Avoid shortcuts. Buying fake reviews or paying shady “removal” firms can backfire. With the FTC’s 2024 rules, deceptive review practices can trigger fines up to$51,744 per violation[2] . In the UK businesses can face penalties up to 10% of global revenue[3] .
“Trying to bury a financial record with fake PR pieces or paid reviews is a terrible idea,” Schreiber says. “It’s not just risky, it looks worse if you get caught.”
So how do you fix it? You can’t always remove public records even after they’ve been resolved. But you can outnumber and outweigh them.
If there’s context to share, add it to your website or bio. “Don’t ignore it if people bring it up,” Schreiber says. “One client added a simple FAQ: ‘Why does a lien show up under our name?’ They explained it was resolved years ago. It took the sting out of it.”

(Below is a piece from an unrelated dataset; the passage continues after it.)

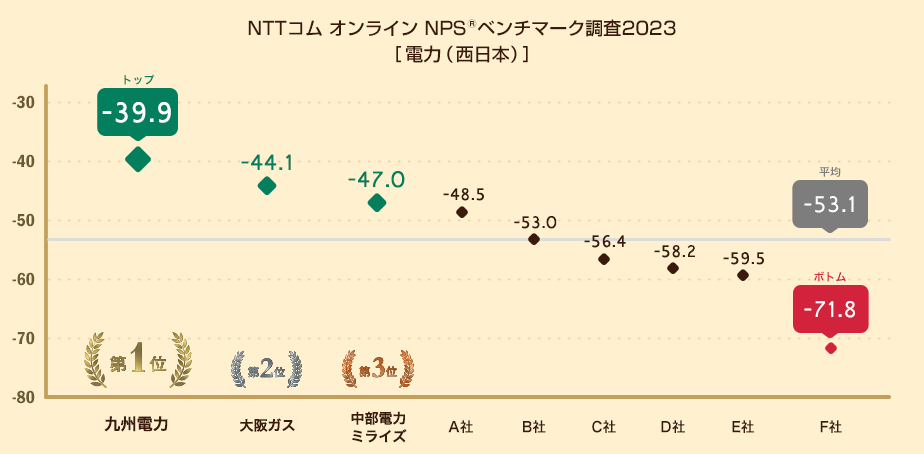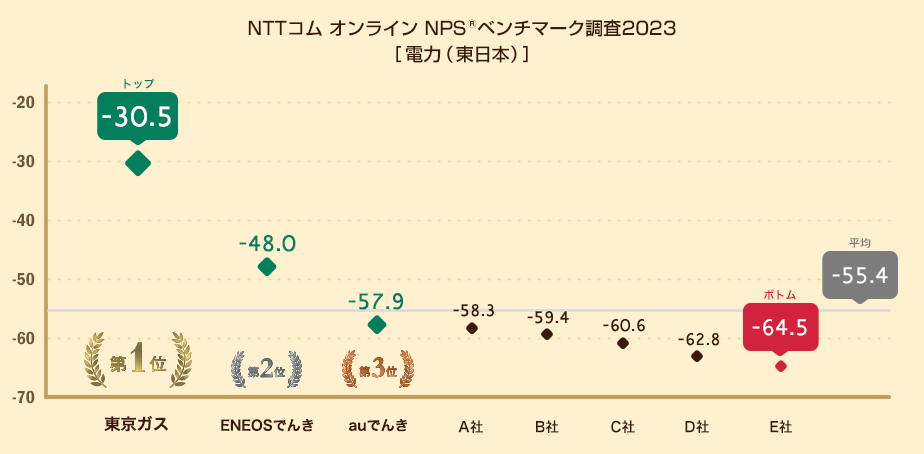 NTTコム オンライン、電力業界を対象にしたNPS®ベンチマーク調査2023の結果を発表。東日本部門1位は東京ガス、西日本部門1位は九州電力
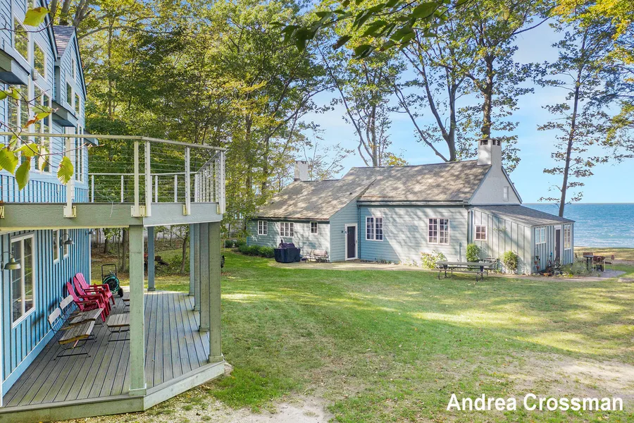 Charming lakeside cottage with a newer guest quarters/garage and 114 feet of private Lake Michigan frontage. The guest quarters feature lakeside upper and lower viewing decks, attached one stall garage, main level bedroom, laundry and half bath. The upper level guest quarters includes two additional bunkrooms with en suite full baths and family room with spectacular views of Lake Michigan. The sweet lakeside cottage main level includes 2 bedrooms, full bath, and large living and sitting area. The upper level main home has a bonus room and loft area that offers more great lake views. Included in the sale is the wooded lot across the street. Subject to municipal approval for the lot splits. Sellers prefer not to close until January 15th, 2022. And that Kitchen light fixture will be replaced

Transparency, when done right, can turn a red flag into proof of recovery.
Create content that ranks higher than old records. Publish articles, case studies, and thought leadership that showcase expertise.
This is where structured, long-tail content helps. Target searches like “Is [Your Company] trustworthy?” or “[Your Name] reviews.” These are the queries AI tools and search users rely on.
Fresh, authentic reviews drown out old baggage. Encourage satisfied customers to leave feedback on Google, Yelp, or industry-specific sites.
“Someone might see the bankruptcy, but then they see 150 recent 5-star reviews,” Schreiber says. “It reframes the whole picture.”
Check your name or company in state and court databases. If something’s outdated or inaccurate, file a correction. It’s not instant, but it’s worth doing.
Set up Google Alerts for your name, company, and related terms. “You don’t want to find out from a client that an old lien just popped up on page one,” Schreiber warns. “You need to see it first.”
Financial missteps happen. What matters is how you handle them. In the age of AI search and automated due diligence, those issues don’t stay private. They get indexed, summarized, and put in front of anyone who’s considering doing business with you.
Schreiber’s advice is blunt: “You can’t rewrite the past, but you can build enough of a future online that people stop focusing on it.”
By owning the story, building positive content, and staying ahead of what’s visible, you can rebuild credibility, and turn financial scars into proof that you’ve come back stronger.